President Donald Trump had not even begun his address on Saturday outlining a government-opening deal to extend DACA protection to the so-called “Dreamers” in exchange for $5.7 billion in wall funding before prominent Democrats rejected the deal. The brevity of the Saturday negotiations highlighted two facts: first, neither side really much cares whether the government remains closed; second, attempting trade-offs within the context of immigration is probably futile since the objectives of the two sides are diametrically opposed. One side winning implies the other side losing—that is, the immigration issue is a zero sum game.
Republicans do hold one bargaining chip, however, that the Democrats might want passionately enough to give the president the whole wall and a law on nationwide, mandatory E-Verify besides.
The name of that chip is Merrick Garland.
Battles over government shutdowns usually and primarily have been conducted in the realm of public relations: who gets the credit and who gets the blame? So, too, the initial focus of the current shutdown has been on the perception of responsibility; whose shutdown is it really?
The passion of each side in this immigration battle, however, and the long lead time until the next election have lessened the importance of getting marginally more or less of the blame for the shutdown itself; and the question lurking in the background has been about who, when the rubber meets the road, will will capitulate first?
It turns out, however, that there really is no rubber and there is no road.
It is probably not so surprising that the GOP and its adherents are unconcerned about 800,000 government workers sitting at home—keeps them out of mischief after all. But, perhaps because only a fraction of the government is shuttered, the Democrats are having a similarly difficult time getting their base to care. It seems that many Democrats are not going to be moved by the plight of some well-paid bureaucrats, even if most of them are Democrats. Indeed, there seems to be support among elite Democrats for the notion that if the furloughed workers are Democrats they should take glory in sacrificing themselves for the glorious cause of undoing the results of the 2016 election.
Which, of course, is what this is actually all about.
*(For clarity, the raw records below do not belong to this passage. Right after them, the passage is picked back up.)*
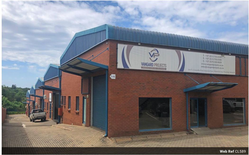
Web Ref CL589

1st Floor, Midcity Building, 37 Brown Street, Nelspruit, 1201
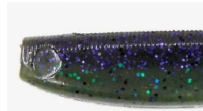
#07 Sprayed Grass
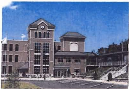
Architecture originality masks the function as a parking garage.
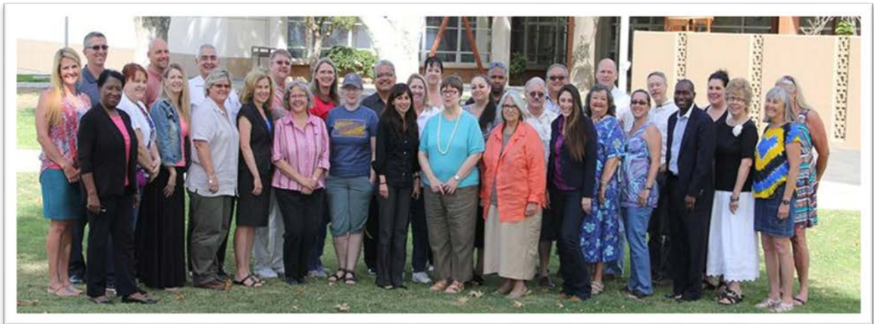
Accreditation Boot Camp May 2014

In addition to broad engagement, the College made the process as transparent and open to the community as possible by posting the work of the teams on the Midterm 2015 page: https://www.bakersfieldcollege.edu/employees/accreditation

No rational analysis can really be advanced that walls of the type proposed by the president have no value in the actual, on-the-ground struggle to curtail illegal immigration. Pelosi’s poppycock claim that the wall is immoral has only gained traction with her liberal followers because of the angst they continue to suffer over Trump’s election. The wall is immoral because it got Trump elected and Trump’s supporters who are calling for the wall must themselves be immoral (read: racist).
Liberals are not even necessarily opposed to border security (though some of them are indeed for open borders). Opposition to the wall—or, as they unfailingly put it, Trump’s wall—is a profoundly irrational reaction to the pain-laden psychodrama of millions of Democrats whose individual lives have not contained enough vitality to save them from a self-destructive obsession.
Obviously this situation doesn’t leave Democrats with much negotiating flexibility.
Therefore, to end the impasse, either Trump has to capitulate or else he has to find a glowing magical ruby that has as much visceral, neurotic appeal to the Democrat base as opposing the wall has.
Enter Ruth Bader Ginsburg.
Like so much of the dynamic operation of the Left in this past two years, the impetus to canonize “the notorious RBG” can be traced to the 2016 election. As the last Red Cross Knight standing in the way of a generational “Trump court,” Ginsburg’s ideological purity together with her cancer-fighting resilience and iron-woman workout have risen to mythical status. If Trump (the very Scourge of Women) ultimately replaces Ginsburg on the court with a pro-life, conservative, young woman like Amy Coney Barrett, stand by for tens of millions of the Sisters (and Brothers) of Ruth to set their hair on fire en masse.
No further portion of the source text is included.